The leader’s personal role

Leaders are persons first – and there are three key aspects of how the leaders affect the organizations they lead:

First they are role models.  The combine two disparate characteristics at the same time – determination and humility. They have to believe in the integrity of the purpose and mission of the organization they lead, and give others a sense of hope and meaning.  To do this requires being a good listener. It also means being able to foster dialogue.  Good leaders avoid grandiosity – a real temptation when one is at the head of the pack.

Second they have to be fast learners – students as well as mentors.  And it’s not just the ability to recognize the brutal facts; one has also to confront them.  To understand the realities it’s not just enough to know the facts and figures and the processes. Leaders also have to have respect for human beings. Finally  have to be focused on the big picture and the future, while they allow others to focus on their areas of specialization.

Third, they have to avoid the temptation to think that it is all about their personal charisma.  Instead, leaders have to be trustees of community potential. This is extraordinarily demanding and the next post will suggest some  actions that will help them do that.

Exercising Leadership

In the last twenty years there are new perspectives on both structure and process.

Remember all those wonderful software programs in the eighties that allowed one to design org charts. You don’t see as many of them these days, but the charts that they developed still hang around in our consciousness. It might be better to put the leader in the centre rather than at the top. I actually saw a chart like this as a model for an Arts Company in the nineties. A the centre was a split circle with the music director and general manager. Surrounding them in concentic circles were the core musiciams, the extras, the technical crews, the marketers – all with key tasks but with different roles and responsibilities. Arts projects are like that – highly specialized configurations of talent and skills brought together in appropriate roles and time trames with a focus on the creation. We are a long way from that in other worlds but the possibility is there.

Titles matter less, responsibilities more. Self-management is key. The suggestion is that it may matter more to manage up and across than down. Direct reports can come last if the others are management tasks are working well.So much depends on the people – the right people in the right seats.

Helping people to face reality may be the real task of leadership. And so often it means asking the right questions rather than having the right answers. In that regard, the reminder that “What you see is all there is” also comes to mind. So we have to have good research and honest advice. Both require hard work both in acquiring and receiving them

 

Leadership – the Road Ahead

As promised, here is the start of a series on leadership. It is based on research that I undertook two years ago and also gives me an opportunity to reflect on what I learned since then.

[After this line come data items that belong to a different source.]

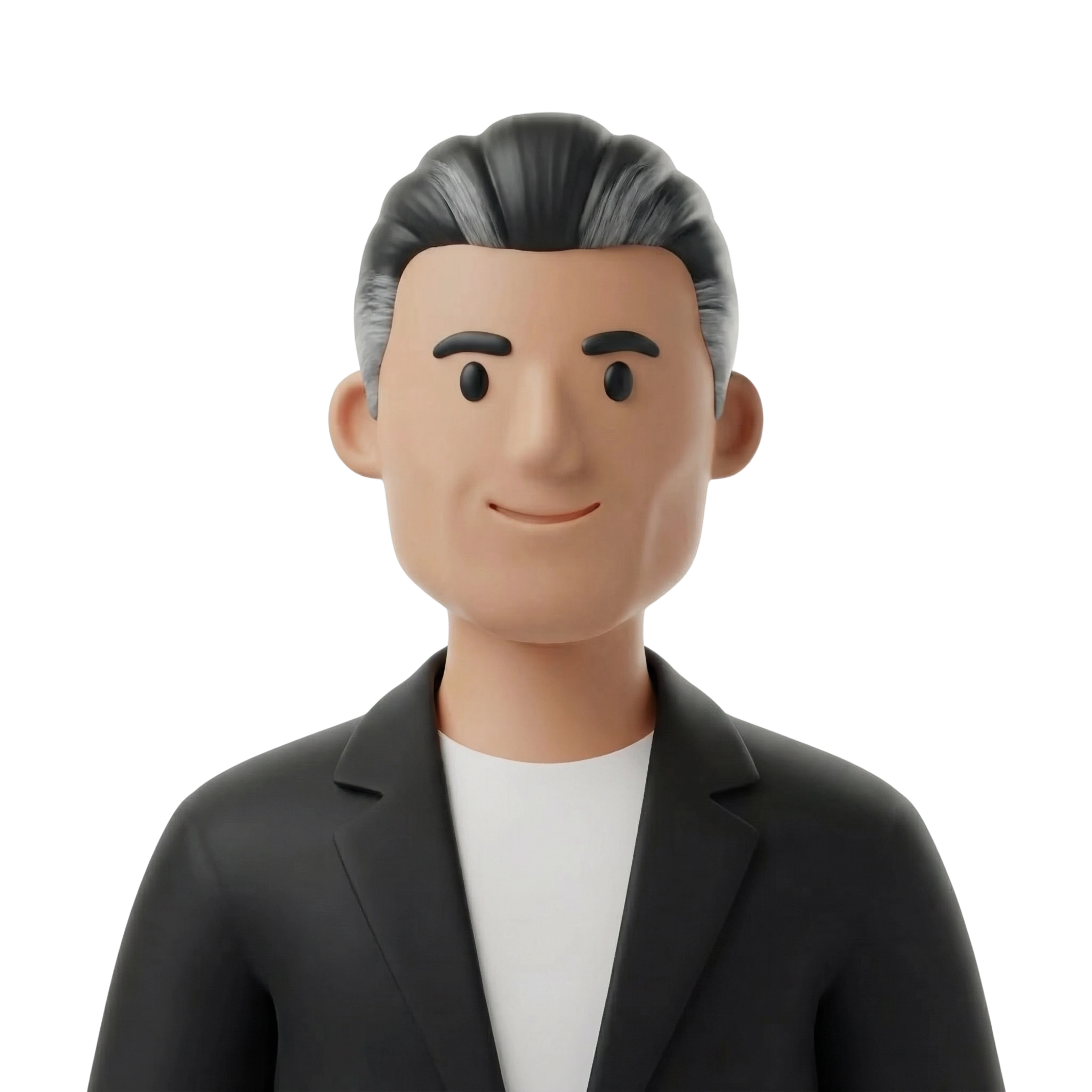 مدير تنفيذي واثق يظهر بأسلوب ثلاثي الأبعاد بسيط، يرتدي سترة أنيقة سوداء فوق قميص أبيض غير رسمي، يجسد القيادة والاحترافية في بيئة الأعمال المعاصرة.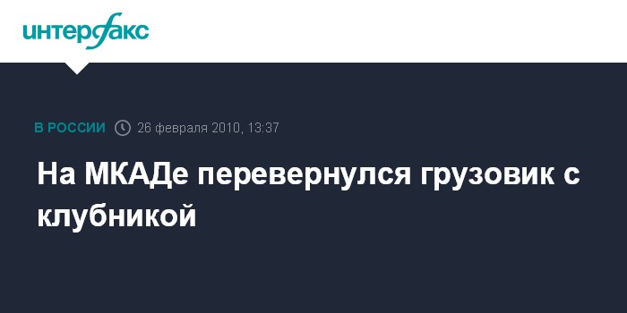 Москва. 26 февраля. INTERFAX.RU - На Московской кольцевой автодороге в пятницу перевернулся грузовик с клубникой, чтобы убрать фуру с магистрали, понадобилось два самосвала, сообщает корреспондент "Интерфакса" с места происшествия.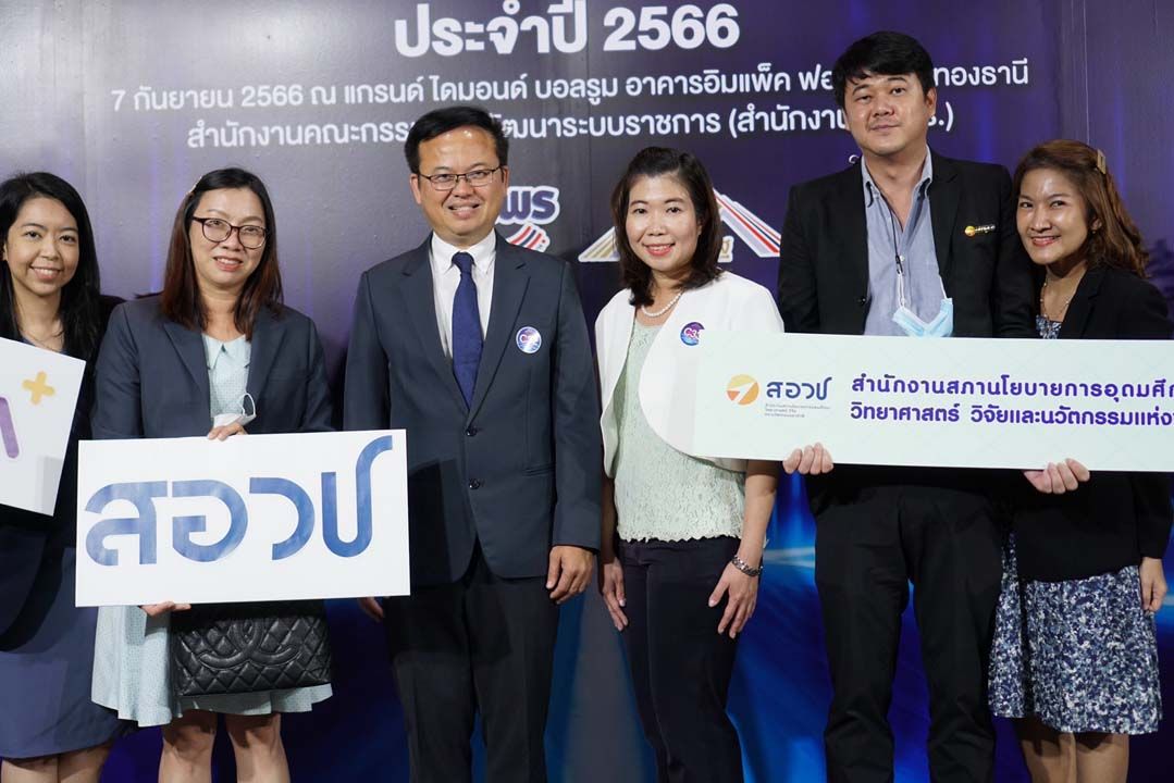เมื่อวันที่ 7 กันยายน 2566 ดร.กิติพงค์ พร้อมวงค์ ผู้อำนวยการสำนักงานสภานโยบายการอุดมศึกษา วิทยาศาสตร์ วิจัยและนวัตกรรมแห่งชาติ (สอวช.) นางสาวภาณิศา หาญพัฒนนันท์ ผู้อำนวยการฝ่ายนวัตกรรมอุดมศึกษาและการพัฒนาทักษะแห่งอนาคต พร้อมตัวแทนพนักงาน สอวช. เข้ารับมอบรางวัลเลิศรัฐ ประเภทบริการตอบโจทย์ตรงใจ ระดับดีเด่น ประจำปี 2566 จากสำนักงานคณะกรรมการพัฒนาระบบราชการ (กพร.) โดยโครงการที่ได้รับรางวัลในครั้งนี้คือ “แพลตฟอร์มพัฒนากำลังคนสมรรถนะสูงตอบการลงทุนของภาคผลิตและบริการ” หรือ แพลตฟอร์ม STEMPlus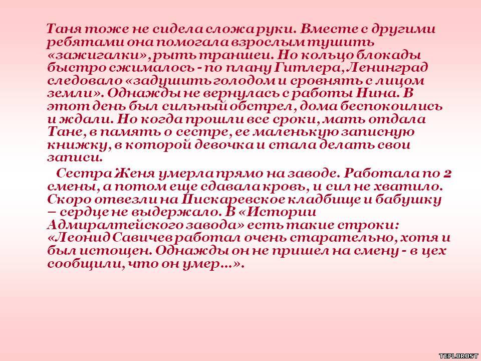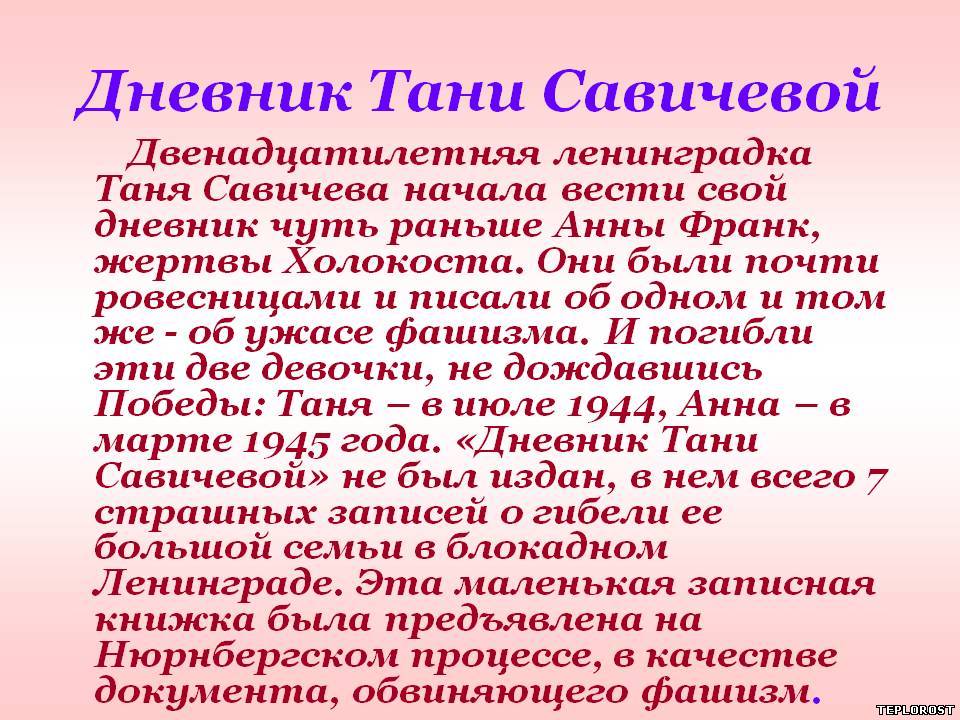 Они были почти ровесницами и писали об одном и том же - об ужасе фашизма. И погибли эти две девочки, не дождавшись Победы: Таня – в июле 1944, Анна – в марте 1945 года. «Дневник Тани Савичевой» не был издан, в нем всего 7 страшных записей о гибели ее большой семьи в блокадном Ленинграде.

There are several things to consider:
How have our views of the world changed?
What are the roles of vision and mission?
How is leadership exercised?
What are the necessary personal qualities?
How must the leader develop once he or she assumes the role?

All of these were of interest and took me on an extensive journey through the writings of the past two decades. So a revisit will involve not only those findings but what has been learned since.

Leading from Any Chair

Chairs The above chairs probably aren’t the kind that Ben Zander has in mind. (They are a welcome spot to sit on my city balcony). Ben is an orchestra conductor and the chairs that he is talking about might be occupied by violinists, trumpeters, or clarinet players. There is a lovely moment in a video of one of his concerts, where he gives the baton to a young musician and joins the cellists as a player in their row.

Leading is really about interdependence. He says that he conducted for 20 years before it came home to him that he was the only one on the stage who didn’t make a sound. His was a comment about real leadership – that the role of the leader is to enable others to do their best – not to be a star or primadonna. When he changed his perspective he realized that the results of his conducting results were much superior. It is a lesson for us all. to learn.